[PATCH] cgroup: Don't expose dead tasks in cgroup

public inbox for cgroups@vger.kernel.org
 help / color / mirror / Atom feed

* [PATCH] cgroup: Don't expose dead tasks in cgroup
@ 2026-03-02 12:07 Sebastian Andrzej Siewior
  2026-03-02 21:56 ` Tejun Heo
  0 siblings, 1 reply; 7+ messages in thread
From: Sebastian Andrzej Siewior @ 2026-03-02 12:07 UTC (permalink / raw)
  To: linux-rt-devel, cgroups
  Cc: Tejun Heo, Johannes Weiner, Michal Koutný, Clark Williams,
	Steven Rostedt, Bert Karwatzki

Once a task exits it has its state set to TASK_DEAD and then it is
removed the cgroup it belonged to. The last step happens on the task
gets out of its last schedule() invocation and is delayed on PREEMPT_RT
due to locking constrains.

As a result it is possible to receive a pid via waitpid() of a task
which is still listed in cgroup.procs for the cgroup it belonged
to. This is something that systemd does not expect and as a result it
waits for its exit until a time out occurs.

This can be avoided by skipping tasks which are in the DEAD state.

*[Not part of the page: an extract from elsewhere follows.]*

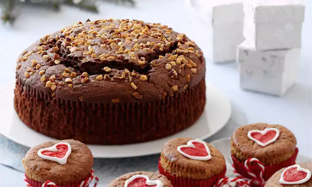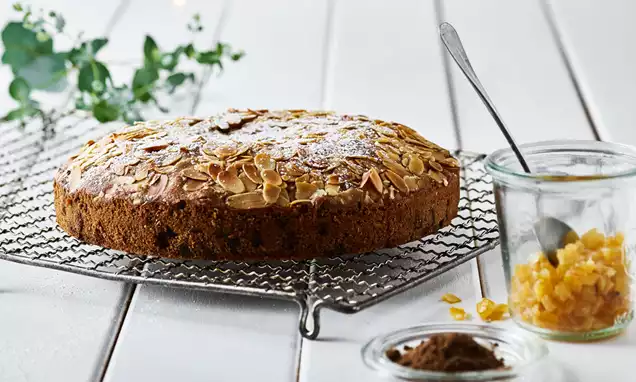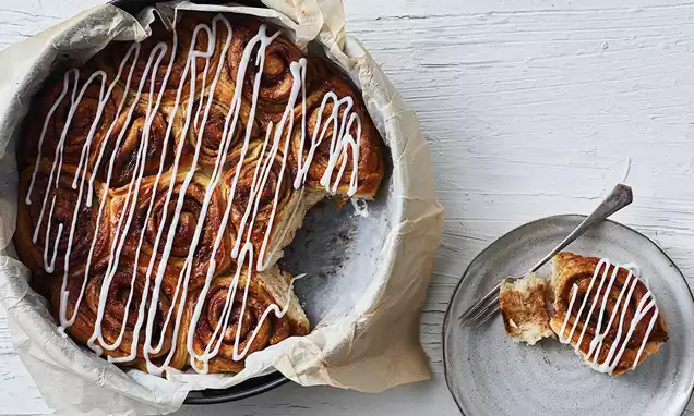 Bag kanelkagen midt i ovnen i 25-30 minutter. Mærk efter med et træspyd om kagen er færdigbagt. Der må ikke sidde dej på spyddet. Lad kagen køle af i formen.
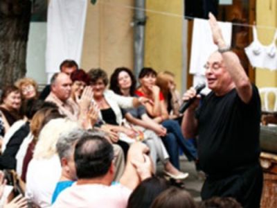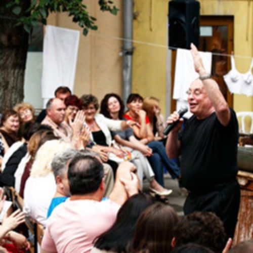 Необычное и невероятно волнующее действо разыгрывается во внутреннем дворике театра по совершенно особым законам – театра под открытым небом. Розовский придумал нечто под очень простым названием – «Песни нашего двора», и это нечто получилось на редкость заразительным.

There
is no need to verify both task states under task_struct::pi_lock because
once the task is exiting after is its last schedule, there will not be
any sleeping locks.

Reported-by: Bert Karwatzki <spasswolf@web.de>
Closes: https://lore.kernel.org/all/20260219164648.3014-1-spasswolf@web.de/
Tested-by: Bert Karwatzki <spasswolf@web.de>
Fixes: 9311e6c29b348 ("cgroup: Fix sleeping from invalid context warning on PREEMPT_RT")
Signed-off-by: Sebastian Andrzej Siewior <bigeasy@linutronix.de>
---

Tejun, with this change, would it be okay to
- replace the irq-work with kworker? With this change it should address
  your concern regarding "run in definite time" as mentioned in [0]. So
  it might be significantly delayed but it shouldn't be visible.
  This would lift the restriction that a irq-work needs to run on this
  CPU and the kworker could run on any CPU. 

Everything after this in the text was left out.